» Input material
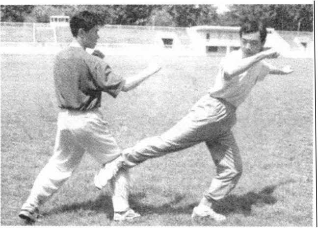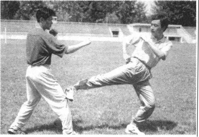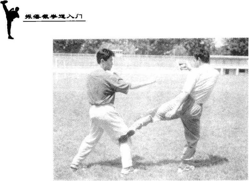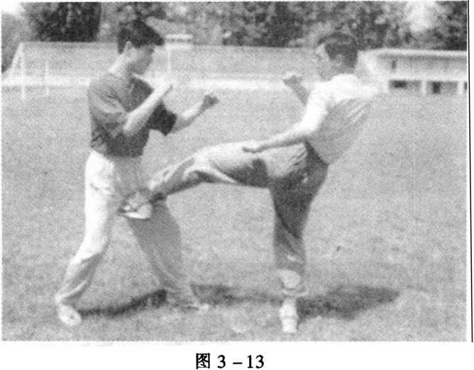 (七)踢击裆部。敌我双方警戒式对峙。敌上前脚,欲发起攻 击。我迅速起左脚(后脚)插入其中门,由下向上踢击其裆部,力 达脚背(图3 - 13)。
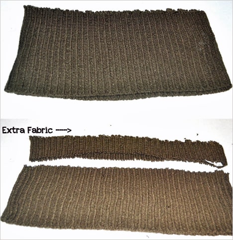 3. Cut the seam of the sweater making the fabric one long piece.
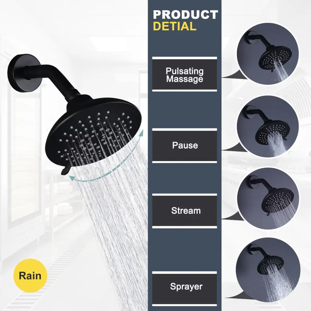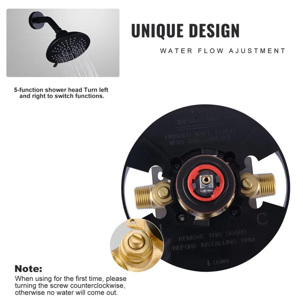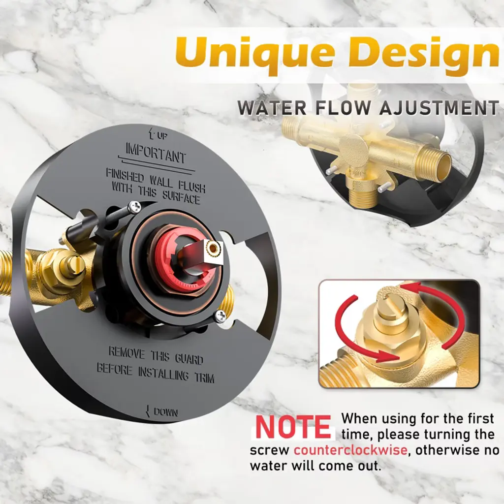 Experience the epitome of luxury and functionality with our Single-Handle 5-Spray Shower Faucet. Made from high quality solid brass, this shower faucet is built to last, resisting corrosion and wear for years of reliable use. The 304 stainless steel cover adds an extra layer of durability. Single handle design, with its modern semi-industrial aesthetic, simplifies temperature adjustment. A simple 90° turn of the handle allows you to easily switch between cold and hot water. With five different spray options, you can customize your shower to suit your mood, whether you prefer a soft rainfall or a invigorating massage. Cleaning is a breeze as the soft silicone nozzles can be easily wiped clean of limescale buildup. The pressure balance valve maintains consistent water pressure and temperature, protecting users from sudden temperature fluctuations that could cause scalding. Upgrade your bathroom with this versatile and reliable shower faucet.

==

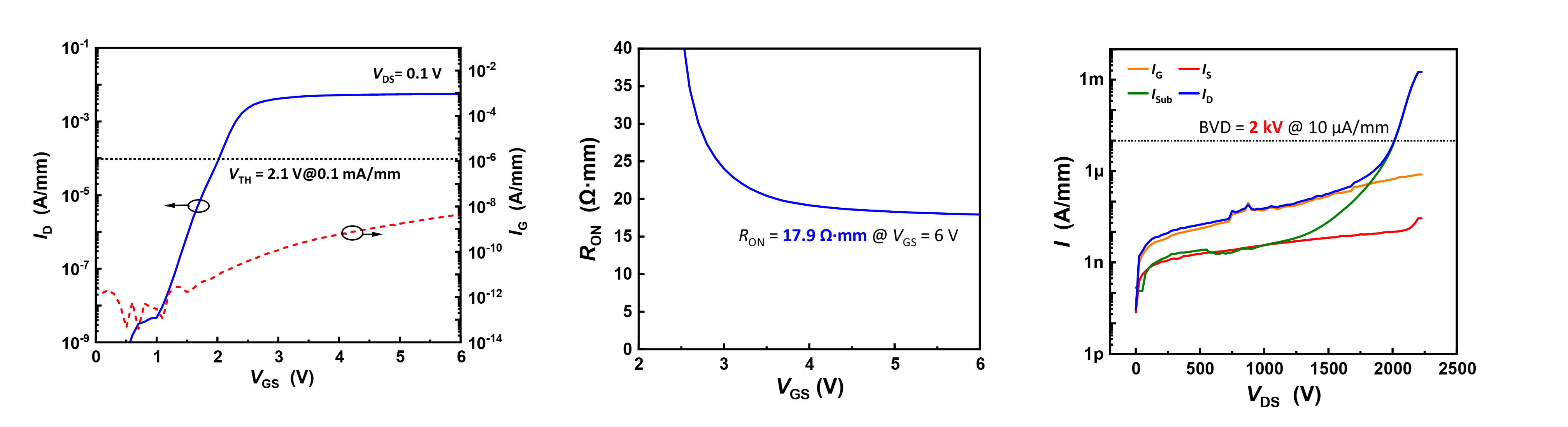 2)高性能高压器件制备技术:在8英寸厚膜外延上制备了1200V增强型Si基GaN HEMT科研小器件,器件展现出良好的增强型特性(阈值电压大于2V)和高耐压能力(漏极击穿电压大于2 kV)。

---

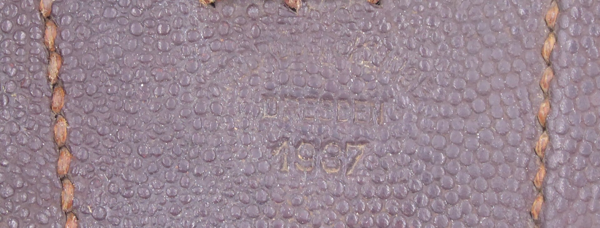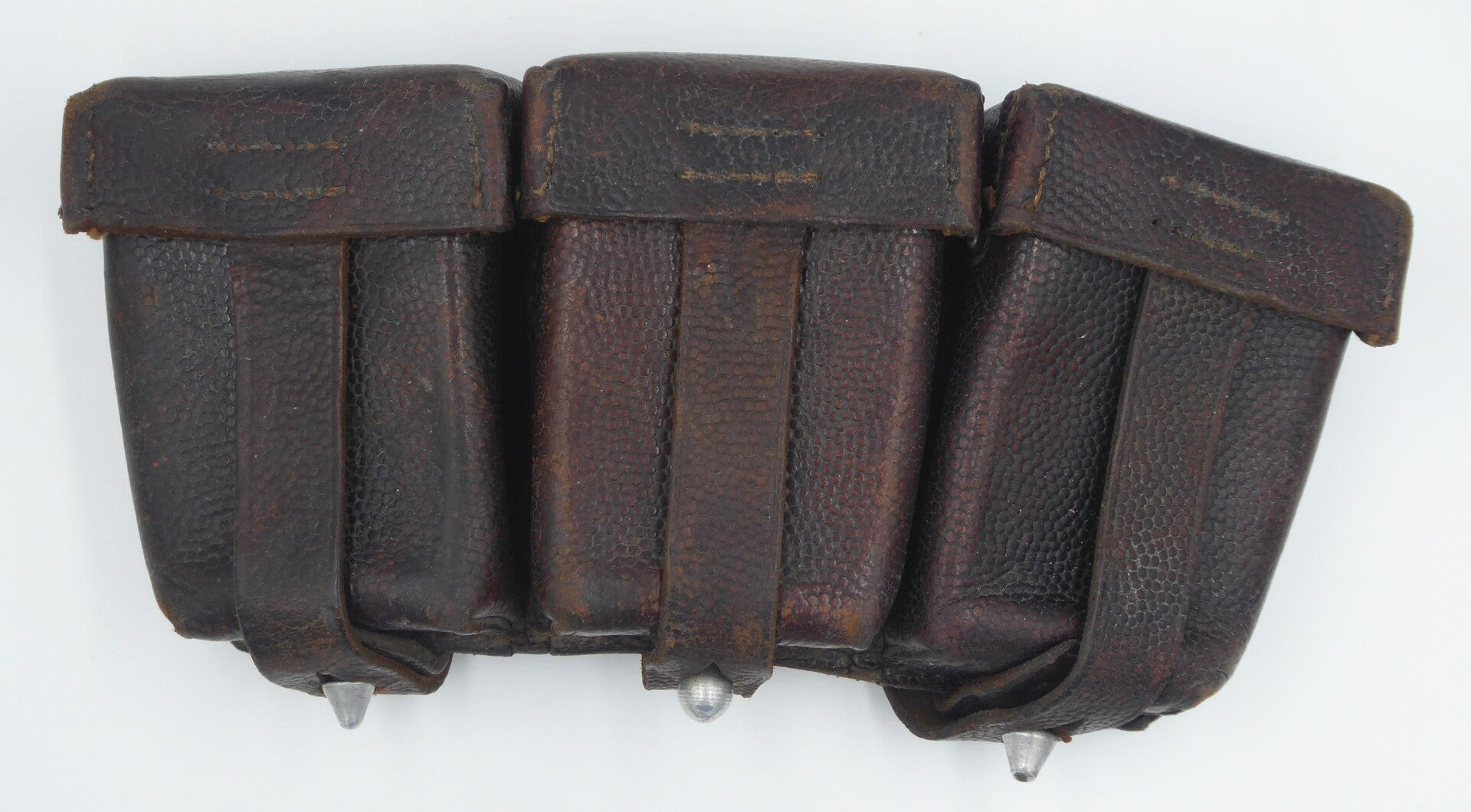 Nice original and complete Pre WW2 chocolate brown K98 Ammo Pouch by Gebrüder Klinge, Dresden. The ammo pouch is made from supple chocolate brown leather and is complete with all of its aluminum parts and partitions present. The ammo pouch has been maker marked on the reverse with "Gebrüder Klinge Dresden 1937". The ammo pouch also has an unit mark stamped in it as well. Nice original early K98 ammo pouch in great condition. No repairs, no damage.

» Work required
Give the lines above again exactly, from the one containing "(七)踢击裆部。敌我双方警戒式对峙。敌上前脚,欲发起攻 击。我迅速起左脚(后脚)插入其中门,由下向上踢击其裆部,力 达脚背(图3" to the one containing "3. Cut the seam", both included, but leave out the pictures.

» Answer to the exercise
 (七)踢击裆部。敌我双方警戒式对峙。敌上前脚,欲发起攻 击。我迅速起左脚(后脚)插入其中门,由下向上踢击其裆部,力 达脚背(图3 - 13)。
 3. Cut the seam of the sweater making the fabric one long piece.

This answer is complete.